Comencé a escribir sobre lo bueno del amor, el romanticismo. Al ver que no
producía efecto alguna mostré lo malo de la sociedad, los políticos.
Investigue
sus vicios, tranzas, su oculta apariencia y su indiferencia para resolver los
problemas sociales. Los describía con burla, faltos de toda virtud y bondad,
cuyo único sentido de su vida era apoderarse de los recursos públicos al igual
que su familia. Fui elogiado por ello y arrastrado a las luchas estudiantiles.
Trabe
amistades con estudiantes iguales a mi persona y me vi convertido en uno de los
suyos marchando por las calles. Ya no podía mirar hacia atrás para ver el rostro
del escritor romántico ahora estaba en pie de guerra por lo que deje de lado
los versos, prosa para dar paso a las consignas, manifiestos, opiniones
críticas.
Las personas
mayores de mi época lo llamaron el libertinaje de los jóvenes, en cambio nosotros
considerábamos que había llegado el momento en dejar atrás las teorías
socialistas para llevarlas a la práctica. Mi visión de la vida cambio por
completo, los jóvenes tomamos por completo la agenda nacional, fuimos la parte
principal de las preocupaciones de un gobierno corrupto.
Nuestra
misión fue sensibilizar a la gente que se platearan una forma diferente de
vivir ya que poco podíamos hablarles de la pobreza que ellos la vivían en carne
propia. Fueron años en los que escribía con el estómago vacío y con las tripas
pegadas al espinazo por el miedo a ser arrestado por el gobierno que se
divertía destazando jóvenes para desaparecerlos.
Ser un
estudiante comprometido con la sociedad le daba sentido a mi vida, me sentía
satisfecho. Muchos de mis compañeros dijeron somos la juventud de los útiles,
los que la sociedad necesita y no importa que algunos nos valoren como los
malos de la película social. Entre nosotros discutíamos, peleamos, nos
regañábamos, engañábamos, nos comportábamos egoístas, y salíamos a las calles
tomados de los brazos sin importar nuestras diferencias.
En la
Universidad comencé a observar más detenidamente a los políticos, y me convencí
de que casi todos, eran gente inmoral y, en su mayoría, gente mala,
insignificante en carácter -muy inferior al de aquellas personas que leía en
mis libros épicos de la infancia. Ni siquiera conocían la palabra virtud o
decencia. Los estudiantes nos cansamos de este engaño y por extraño que parezca
llegamos a negociaciones con ellos que nunca cumplieron.
Fue así como
comprendí toda esta mentira en la que vivimos, en el rostro y palabras de
santos en campañas.

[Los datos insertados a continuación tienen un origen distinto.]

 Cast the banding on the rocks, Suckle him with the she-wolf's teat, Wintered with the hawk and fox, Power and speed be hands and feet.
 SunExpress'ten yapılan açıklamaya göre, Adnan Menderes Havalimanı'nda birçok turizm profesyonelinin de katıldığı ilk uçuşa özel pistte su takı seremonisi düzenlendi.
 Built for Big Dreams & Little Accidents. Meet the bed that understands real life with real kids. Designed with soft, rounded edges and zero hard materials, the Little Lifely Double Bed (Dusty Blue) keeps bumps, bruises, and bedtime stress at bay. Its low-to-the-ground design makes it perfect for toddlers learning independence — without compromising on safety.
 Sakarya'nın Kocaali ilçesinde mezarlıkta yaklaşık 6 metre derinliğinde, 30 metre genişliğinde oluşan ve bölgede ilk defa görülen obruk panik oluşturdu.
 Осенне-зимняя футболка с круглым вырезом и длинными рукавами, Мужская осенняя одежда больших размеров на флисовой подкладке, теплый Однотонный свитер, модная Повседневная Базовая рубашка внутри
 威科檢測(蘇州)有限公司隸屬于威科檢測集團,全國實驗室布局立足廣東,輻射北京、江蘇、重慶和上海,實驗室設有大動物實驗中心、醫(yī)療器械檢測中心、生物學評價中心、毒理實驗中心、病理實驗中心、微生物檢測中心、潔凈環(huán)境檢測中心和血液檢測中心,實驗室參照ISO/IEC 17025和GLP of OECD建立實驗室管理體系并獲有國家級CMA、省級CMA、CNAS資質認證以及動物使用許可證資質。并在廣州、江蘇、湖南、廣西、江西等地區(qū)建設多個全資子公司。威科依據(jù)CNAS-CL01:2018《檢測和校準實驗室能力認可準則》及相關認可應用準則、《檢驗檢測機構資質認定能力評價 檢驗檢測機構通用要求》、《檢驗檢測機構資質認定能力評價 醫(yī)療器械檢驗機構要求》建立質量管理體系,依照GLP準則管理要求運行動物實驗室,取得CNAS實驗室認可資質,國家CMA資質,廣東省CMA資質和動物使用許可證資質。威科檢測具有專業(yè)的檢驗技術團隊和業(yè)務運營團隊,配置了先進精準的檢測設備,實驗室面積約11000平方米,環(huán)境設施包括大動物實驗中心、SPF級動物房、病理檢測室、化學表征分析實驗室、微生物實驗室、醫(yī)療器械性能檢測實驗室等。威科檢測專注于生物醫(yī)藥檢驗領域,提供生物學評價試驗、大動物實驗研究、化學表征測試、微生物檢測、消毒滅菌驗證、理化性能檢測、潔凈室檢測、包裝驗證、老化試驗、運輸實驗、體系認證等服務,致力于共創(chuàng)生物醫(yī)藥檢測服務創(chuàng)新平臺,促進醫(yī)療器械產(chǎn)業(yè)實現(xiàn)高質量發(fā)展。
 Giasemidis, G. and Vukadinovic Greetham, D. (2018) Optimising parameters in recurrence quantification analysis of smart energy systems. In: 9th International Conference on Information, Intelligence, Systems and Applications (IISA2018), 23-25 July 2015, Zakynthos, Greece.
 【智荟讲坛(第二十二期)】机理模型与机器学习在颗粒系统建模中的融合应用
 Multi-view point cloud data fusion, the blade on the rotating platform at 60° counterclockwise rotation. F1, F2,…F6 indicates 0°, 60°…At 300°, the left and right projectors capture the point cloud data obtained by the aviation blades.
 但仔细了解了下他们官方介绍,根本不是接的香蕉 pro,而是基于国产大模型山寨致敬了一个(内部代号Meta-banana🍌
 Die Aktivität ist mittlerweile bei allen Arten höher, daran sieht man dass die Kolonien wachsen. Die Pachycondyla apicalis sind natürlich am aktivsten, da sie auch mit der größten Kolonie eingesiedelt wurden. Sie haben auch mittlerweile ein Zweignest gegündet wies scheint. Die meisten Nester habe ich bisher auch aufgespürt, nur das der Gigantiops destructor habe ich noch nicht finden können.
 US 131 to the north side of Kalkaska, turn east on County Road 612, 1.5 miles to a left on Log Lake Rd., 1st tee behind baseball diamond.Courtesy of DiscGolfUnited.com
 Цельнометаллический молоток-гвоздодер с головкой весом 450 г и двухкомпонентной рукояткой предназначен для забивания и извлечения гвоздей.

Ingenuamente creí que estaba capacitado para ser maestro,
artista, escritor, poeta nunca imagine que seguiría enfrentándome con lo peor
que ha parido nuestra historia en la sociedad. Al recordar aquella época y
observar los vicios nuevos admiro como se han desarrollado los perversos.
Nunca he
estado arrepentido de luchar en contra de ellos, pero el ánimo me fue
alcanzando al ver cómo llegan sus hijos y reproducen sus vicios aprendidos de
la mano de su padre. Es cuando surge aquel mismo sentimiento de salir a luchar,
pero estoy convencido que la gente cómoda gritara que estamos locos porque
están catequizados que no existe otro tipo de vida.